Archival Media Preservation header image 2

Fixing Metadata (or Let’s Do it Right the First Time)

March 10th, 2011 · No Comments


In years of teaching visual indexing and being called in to create metadata schemas, I have seen some crazy attempts at description.

Sometimes we have been involved from the beginning developing thesauri of specialized terms for a collection, more often we are called in to fix existing records.

As I roll up my sleeves to tackle either project, I often wonder why organizations do not know more about what they want.

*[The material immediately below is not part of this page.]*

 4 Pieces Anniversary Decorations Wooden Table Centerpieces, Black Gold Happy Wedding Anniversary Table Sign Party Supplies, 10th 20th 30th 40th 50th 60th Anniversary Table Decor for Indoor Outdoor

I come down to the same answer that permeates our profession as a whole. The majority of people do not understand the work that goes into providing quality. In our current era of fast and cheap; people have lost the quality aspect almost completely. When they can not successfully execute an accurate search in their database, then they call us to fix it. I am absolutely happy to do so, but make no mistake, I wish for that collection to have done it right the first time; rather than to have called us after hundreds of hours of wasted work. Quality becomes a feature of importance often only after a failure rather than as a preventative measure.

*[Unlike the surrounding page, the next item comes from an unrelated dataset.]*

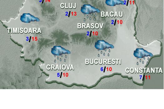 Temperaturile maxime se vor încadra între 8 şi 15 grade, cu cele mai ridicate valori în vestul ţării, iar cele minime vor fi cuprinse între -2 grade în estul Transilvaniei şi 7 grade pe litoral. Cerul va fi mai mult noros în sudul, centrul şi estul ţării şi va prezenta înnorări temporare în celelalte regiuni. Va ploua în Oltenia, Muntenia şi Dobrogea, unde cantităţile de apă vor depăşi pe arii restrânse 20…25 l/mp, şi local, în general slab cantitativ şi în celelalte regiuni. La munte, în special în Carpaţii Meridionali şi de Curbură, precipitaţiile vor fi şi sub formă de lapoviţă şi ninsoare. Vântul va sufla slab şi moderat, cu intensificări în regiunile extracarpatice şi pe crestele montane, iar în sud-est, la rafală, se vor depăşi 50…55 km/h. Spre sfârşitul intervalului, izolat, se va semnala brumă în regiunile vestice, nordice şi centrale.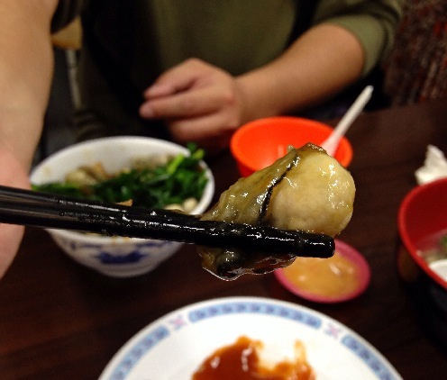 裡面以肉餡 洋蔥(蔬菜)為主,佐以些蚵仔~吃來扎實飽足!

As I tell my classes, let’s talk about why doing it right is rarely done:

1) Illusion – “Everyone is digitizing” is akin to what your mother taught you as a child. “If everyone jumped off a bridge would you do it too?” Many Asset Management Companies sell short the highest cost of digitization which is (dun, dun, dun) linking the metadata to the record. The metadata needs to mean something.

I once saw a vendor selling his “automatic indexing” system. I stopped to chat with him. His product, he told me, will negate needing a human to index. As this is one of our services, I thought that I had better pay attention. He proudly told me that the video clips that he was showing me worked off of closed captioning. I was glad to know that I was not out of business. If you have ever viewed closed captioning, it is a fantastic service to those hearing impaired but it is far from error free. Aside from the many spelling errors within this due to the pressure of typing the words as a show airs (for live shows), there is no intellectual analysis of what is being said and how it relates to the visual.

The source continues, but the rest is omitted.